What needs to be done. From the first line to the last, copy the data exactly and drop the pictures.

Data.
Segment Open
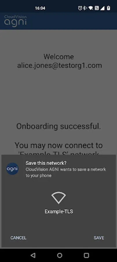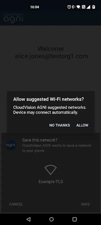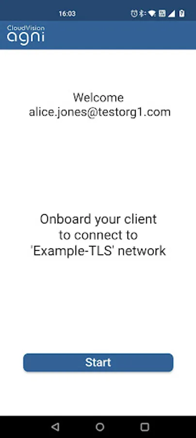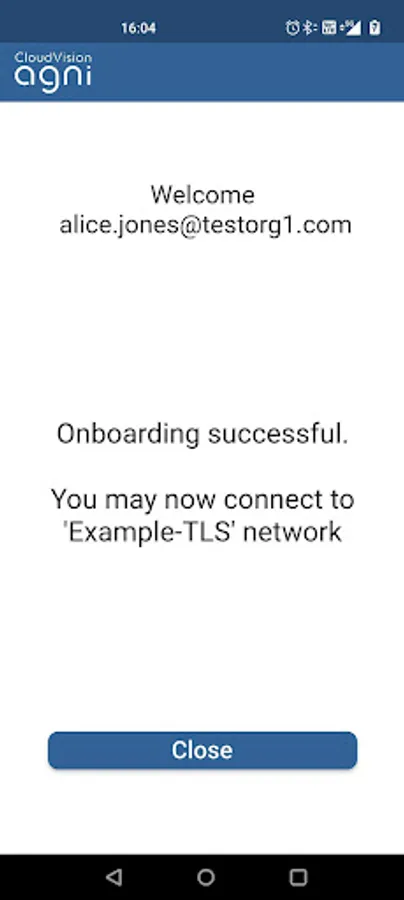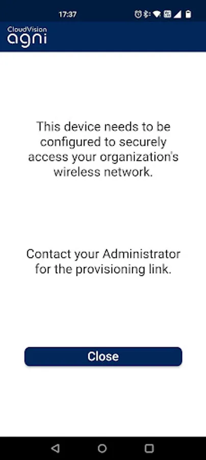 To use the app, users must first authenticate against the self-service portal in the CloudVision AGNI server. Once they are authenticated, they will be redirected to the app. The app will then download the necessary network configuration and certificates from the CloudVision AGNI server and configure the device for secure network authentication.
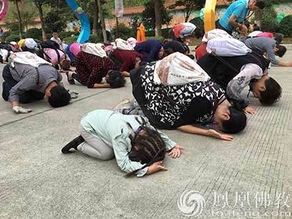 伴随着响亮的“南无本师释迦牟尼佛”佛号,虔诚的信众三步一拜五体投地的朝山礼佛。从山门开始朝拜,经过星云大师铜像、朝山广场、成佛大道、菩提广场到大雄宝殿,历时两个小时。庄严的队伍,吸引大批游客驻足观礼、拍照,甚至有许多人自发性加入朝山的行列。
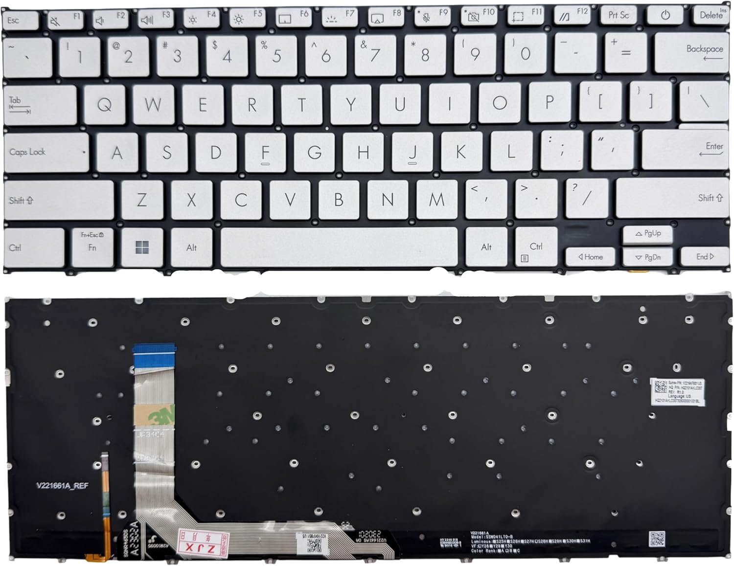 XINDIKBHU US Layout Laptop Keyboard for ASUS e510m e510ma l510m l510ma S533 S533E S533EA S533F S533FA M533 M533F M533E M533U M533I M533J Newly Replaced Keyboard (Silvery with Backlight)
Segment Closed
Task solution.
 To use the app, users must first authenticate against the self-service portal in the CloudVision AGNI server. Once they are authenticated, they will be redirected to the app. The app will then download the necessary network configuration and certificates from the CloudVision AGNI server and configure the device for secure network authentication.
 伴随着响亮的“南无本师释迦牟尼佛”佛号,虔诚的信众三步一拜五体投地的朝山礼佛。从山门开始朝拜,经过星云大师铜像、朝山广场、成佛大道、菩提广场到大雄宝殿,历时两个小时。庄严的队伍,吸引大批游客驻足观礼、拍照,甚至有许多人自发性加入朝山的行列。
 XINDIKBHU US Layout Laptop Keyboard for ASUS e510m e510ma l510m l510ma S533 S533E S533EA S533F S533FA M533 M533F M533E M533U M533I M533J Newly Replaced Keyboard (Silvery with Backlight)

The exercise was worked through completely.